Task description =
Write every line below out again exactly, images omitted.

···

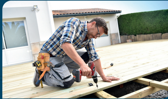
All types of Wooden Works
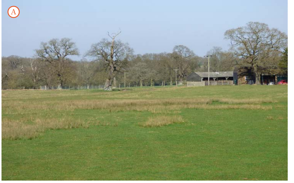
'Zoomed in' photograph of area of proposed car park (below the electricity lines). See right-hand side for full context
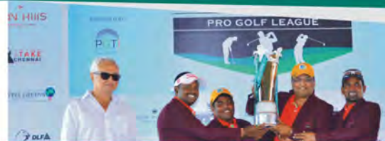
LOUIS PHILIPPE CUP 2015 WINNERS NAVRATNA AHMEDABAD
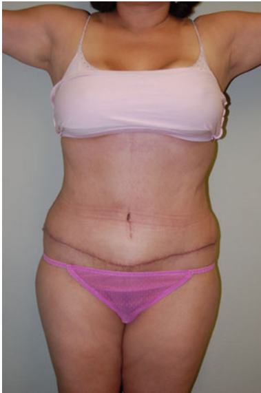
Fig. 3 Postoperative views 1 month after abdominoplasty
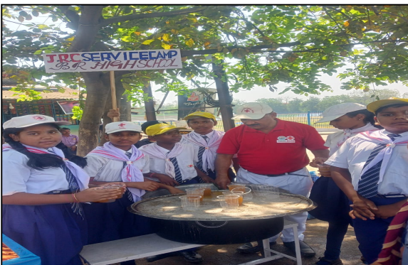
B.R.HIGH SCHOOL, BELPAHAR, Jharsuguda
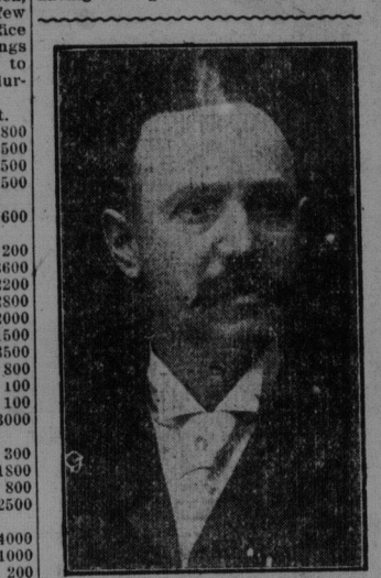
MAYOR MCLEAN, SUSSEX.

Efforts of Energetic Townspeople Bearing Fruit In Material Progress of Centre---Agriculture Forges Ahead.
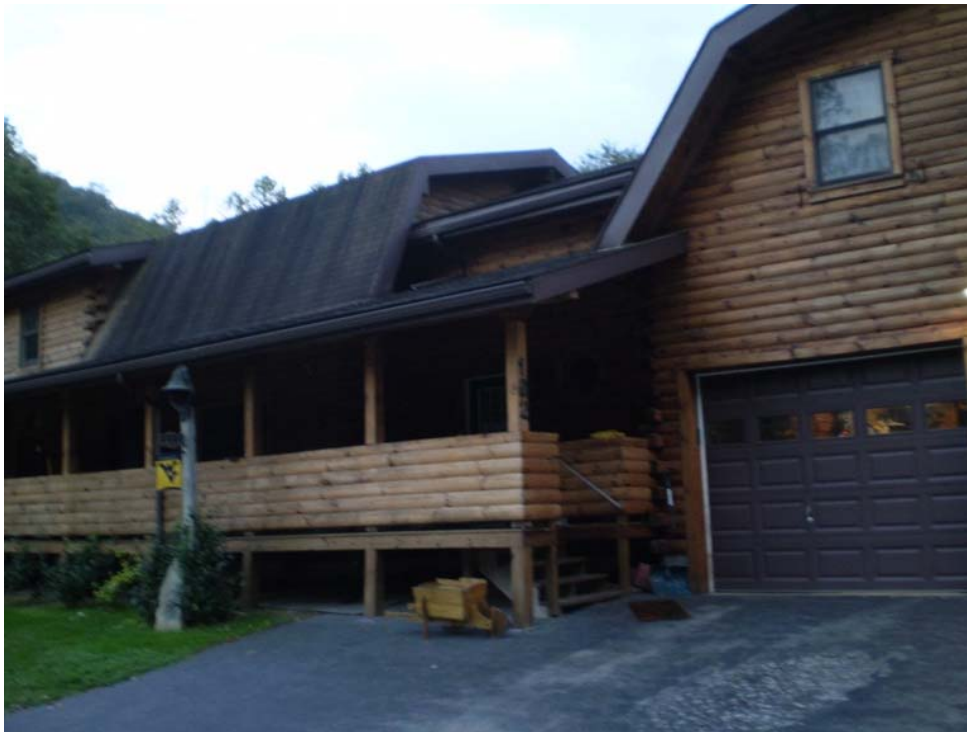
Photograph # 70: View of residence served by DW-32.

···

Written answer =
All types of Wooden Works
'Zoomed in' photograph of area of proposed car park (below the electricity lines). See right-hand side for full context
LOUIS PHILIPPE CUP 2015 WINNERS NAVRATNA AHMEDABAD
Fig. 3 Postoperative views 1 month after abdominoplasty
B.R.HIGH SCHOOL, BELPAHAR, Jharsuguda
MAYOR MCLEAN, SUSSEX.

Efforts of Energetic Townspeople Bearing Fruit In Material Progress of Centre---Agriculture Forges Ahead.
Photograph # 70: View of residence served by DW-32.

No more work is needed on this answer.